━━ SOURCE MATERIAL ━━

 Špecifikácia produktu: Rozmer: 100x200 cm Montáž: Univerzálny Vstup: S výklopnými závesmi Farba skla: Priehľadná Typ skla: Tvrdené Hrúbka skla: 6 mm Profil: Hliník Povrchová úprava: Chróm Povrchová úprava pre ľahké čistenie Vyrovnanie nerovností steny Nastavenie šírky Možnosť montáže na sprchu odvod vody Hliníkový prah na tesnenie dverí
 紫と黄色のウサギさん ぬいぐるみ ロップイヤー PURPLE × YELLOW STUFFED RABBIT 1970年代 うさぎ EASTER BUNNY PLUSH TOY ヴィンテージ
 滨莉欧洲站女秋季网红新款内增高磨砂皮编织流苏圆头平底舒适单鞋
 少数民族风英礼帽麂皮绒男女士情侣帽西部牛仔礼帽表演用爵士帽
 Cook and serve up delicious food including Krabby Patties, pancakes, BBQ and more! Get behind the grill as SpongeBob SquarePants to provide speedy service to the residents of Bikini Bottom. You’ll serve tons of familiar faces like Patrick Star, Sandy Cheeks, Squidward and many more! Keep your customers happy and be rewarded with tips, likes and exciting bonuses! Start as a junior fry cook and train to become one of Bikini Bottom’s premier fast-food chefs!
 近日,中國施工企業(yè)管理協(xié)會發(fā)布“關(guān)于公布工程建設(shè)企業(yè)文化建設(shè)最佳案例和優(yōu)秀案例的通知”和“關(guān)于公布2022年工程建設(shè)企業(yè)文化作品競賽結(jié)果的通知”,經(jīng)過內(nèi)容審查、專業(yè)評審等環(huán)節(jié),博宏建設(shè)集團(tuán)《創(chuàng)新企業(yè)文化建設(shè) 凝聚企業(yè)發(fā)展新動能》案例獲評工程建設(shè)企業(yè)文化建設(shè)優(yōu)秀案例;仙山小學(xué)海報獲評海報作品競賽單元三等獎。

━━━

* **TASK BRIEF**: Would you please reproduce all of the lines above exactly?

* **TASK RESULT**:
 Špecifikácia produktu: Rozmer: 100x200 cm Montáž: Univerzálny Vstup: S výklopnými závesmi Farba skla: Priehľadná Typ skla: Tvrdené Hrúbka skla: 6 mm Profil: Hliník Povrchová úprava: Chróm Povrchová úprava pre ľahké čistenie Vyrovnanie nerovností steny Nastavenie šírky Možnosť montáže na sprchu odvod vody Hliníkový prah na tesnenie dverí
 紫と黄色のウサギさん ぬいぐるみ ロップイヤー PURPLE × YELLOW STUFFED RABBIT 1970年代 うさぎ EASTER BUNNY PLUSH TOY ヴィンテージ
 滨莉欧洲站女秋季网红新款内增高磨砂皮编织流苏圆头平底舒适单鞋
 少数民族风英礼帽麂皮绒男女士情侣帽西部牛仔礼帽表演用爵士帽
 Cook and serve up delicious food including Krabby Patties, pancakes, BBQ and more! Get behind the grill as SpongeBob SquarePants to provide speedy service to the residents of Bikini Bottom. You’ll serve tons of familiar faces like Patrick Star, Sandy Cheeks, Squidward and many more! Keep your customers happy and be rewarded with tips, likes and exciting bonuses! Start as a junior fry cook and train to become one of Bikini Bottom’s premier fast-food chefs!
 近日,中國施工企業(yè)管理協(xié)會發(fā)布“關(guān)于公布工程建設(shè)企業(yè)文化建設(shè)最佳案例和優(yōu)秀案例的通知”和“關(guān)于公布2022年工程建設(shè)企業(yè)文化作品競賽結(jié)果的通知”,經(jīng)過內(nèi)容審查、專業(yè)評審等環(huán)節(jié),博宏建設(shè)集團(tuán)《創(chuàng)新企業(yè)文化建設(shè) 凝聚企業(yè)發(fā)展新動能》案例獲評工程建設(shè)企業(yè)文化建設(shè)優(yōu)秀案例;仙山小學(xué)海報獲評海報作品競賽單元三等獎。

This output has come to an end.